At a baseline, we’ve learned that a thick paper application to start the process for getting child care assistance leaves some people behind, and that an online alternative can be an easier access point for families who otherwise wouldn’t apply. We also recognize that while requesting comprehensive information from clients at the beginning of the application process can be useful for caseworkers, making the initial online application shorter ensures that clients have a better sense of their eligibility and spares them the work of doing the rest of the application if they see they see they aren’t eligible. In turn, this can make it easier for caseworkers, since it ensures that they’ll be reviewing cases that are more likely to be eligible and can get families approved on a faster timeline. We’re currently sharing our learnings with the Minnesota Department of Human Services and are in conversation about how these findings could increase access to child care assistance across the state. 

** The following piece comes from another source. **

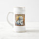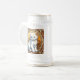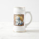 Bier Stein mit einer Katze im Stil von Alphonse Mucha! Dieses flauschig weiße Kätzchen sieht den Betrachter bewundernswert an. Blume schmücken die Szene. Ein puristisches Geschenk für Katzenliebhaber und Jugendstilsammler!
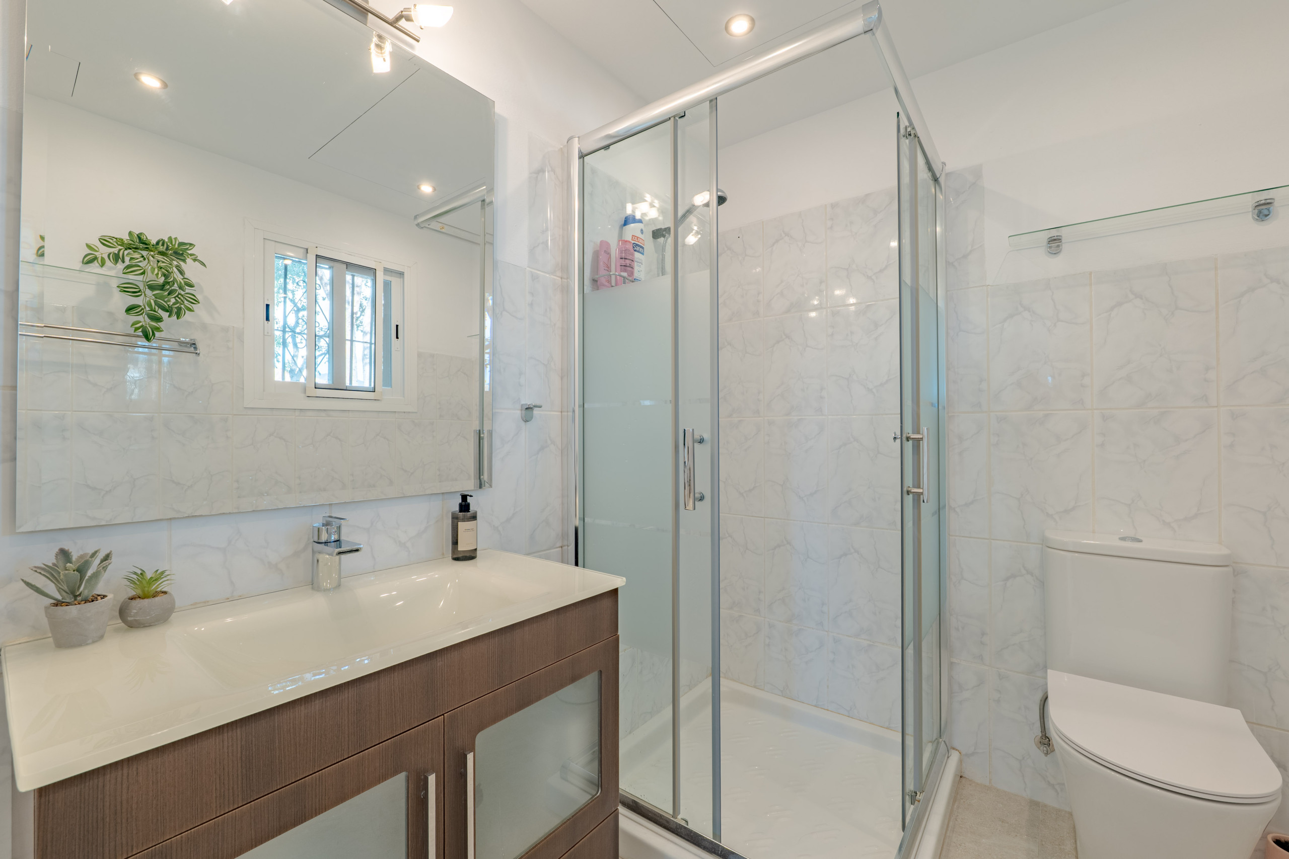 La villa cuenta con cuatro dormitorios espaciosos, todos con armarios empotrados. Tres dormitorios tienen baños en suite, mientras que el cuarto dormitorio disfruta de un baño privado separado, proporcionando un excelente confort y privacidad para familias o grupos de amigos. Un aseo de invitados adicional añade aún más comodidad.

A broader lesson we’ve taken from this experiment is the value of experimentation itself—especially miniature experiments that make seemingly small adjustments to our everyday business practices. 

But a broader lesson we’ve taken from this experiment is the value of experimentation itself—especially miniature experiments that make seemingly small adjustments to our everyday business practices. We launched this effort during a period of both unprecedented demand and support for the program, and while our staff were remote. And despite that, it worked! Hennepin County will continue this spirit of experimentation in the future, and we’d encourage other county and municipal governments to consider what they can experiment with, even on small budgets or during busy times. It’s that spirit of “what if we…?” that drives some of the best process improvements—and no matter how small the question is, the result could have a big impact on the lives of real people.